## The data
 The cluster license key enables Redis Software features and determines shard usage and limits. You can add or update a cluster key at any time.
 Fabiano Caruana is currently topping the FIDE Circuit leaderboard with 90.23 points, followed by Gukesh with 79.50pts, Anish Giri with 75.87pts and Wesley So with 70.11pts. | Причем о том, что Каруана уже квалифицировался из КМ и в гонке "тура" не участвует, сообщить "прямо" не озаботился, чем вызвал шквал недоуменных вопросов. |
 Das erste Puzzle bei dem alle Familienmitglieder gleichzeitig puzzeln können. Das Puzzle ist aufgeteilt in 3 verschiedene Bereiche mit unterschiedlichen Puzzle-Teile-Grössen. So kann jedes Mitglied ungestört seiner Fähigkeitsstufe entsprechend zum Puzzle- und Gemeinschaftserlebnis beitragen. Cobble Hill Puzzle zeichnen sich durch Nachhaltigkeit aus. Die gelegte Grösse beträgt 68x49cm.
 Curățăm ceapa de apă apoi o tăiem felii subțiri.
* * *
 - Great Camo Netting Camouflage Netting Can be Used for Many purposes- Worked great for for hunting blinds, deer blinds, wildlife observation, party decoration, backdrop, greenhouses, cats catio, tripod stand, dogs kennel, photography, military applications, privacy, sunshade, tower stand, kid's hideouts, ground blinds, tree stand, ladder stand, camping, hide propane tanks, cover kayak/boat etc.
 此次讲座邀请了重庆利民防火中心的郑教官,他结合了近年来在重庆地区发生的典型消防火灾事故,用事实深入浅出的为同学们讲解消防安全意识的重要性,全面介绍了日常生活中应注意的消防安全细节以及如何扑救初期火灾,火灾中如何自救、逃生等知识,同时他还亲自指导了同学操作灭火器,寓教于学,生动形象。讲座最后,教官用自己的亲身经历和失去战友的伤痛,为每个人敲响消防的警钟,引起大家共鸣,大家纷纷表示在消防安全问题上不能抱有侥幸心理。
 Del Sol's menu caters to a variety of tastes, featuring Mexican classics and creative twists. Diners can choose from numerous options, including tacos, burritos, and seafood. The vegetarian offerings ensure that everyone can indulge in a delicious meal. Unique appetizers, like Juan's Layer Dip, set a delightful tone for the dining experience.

## Exercise objective
From the records above, transcribe without alteration every line from the one with "Fabiano Caruana is" to the one with "Curățăm ceapa de", inclusive.

## Output of the task
 Fabiano Caruana is currently topping the FIDE Circuit leaderboard with 90.23 points, followed by Gukesh with 79.50pts, Anish Giri with 75.87pts and Wesley So with 70.11pts. | Причем о том, что Каруана уже квалифицировался из КМ и в гонке "тура" не участвует, сообщить "прямо" не озаботился, чем вызвал шквал недоуменных вопросов. |
 Das erste Puzzle bei dem alle Familienmitglieder gleichzeitig puzzeln können. Das Puzzle ist aufgeteilt in 3 verschiedene Bereiche mit unterschiedlichen Puzzle-Teile-Grössen. So kann jedes Mitglied ungestört seiner Fähigkeitsstufe entsprechend zum Puzzle- und Gemeinschaftserlebnis beitragen. Cobble Hill Puzzle zeichnen sich durch Nachhaltigkeit aus. Die gelegte Grösse beträgt 68x49cm.
 Curățăm ceapa de apă apoi o tăiem felii subțiri.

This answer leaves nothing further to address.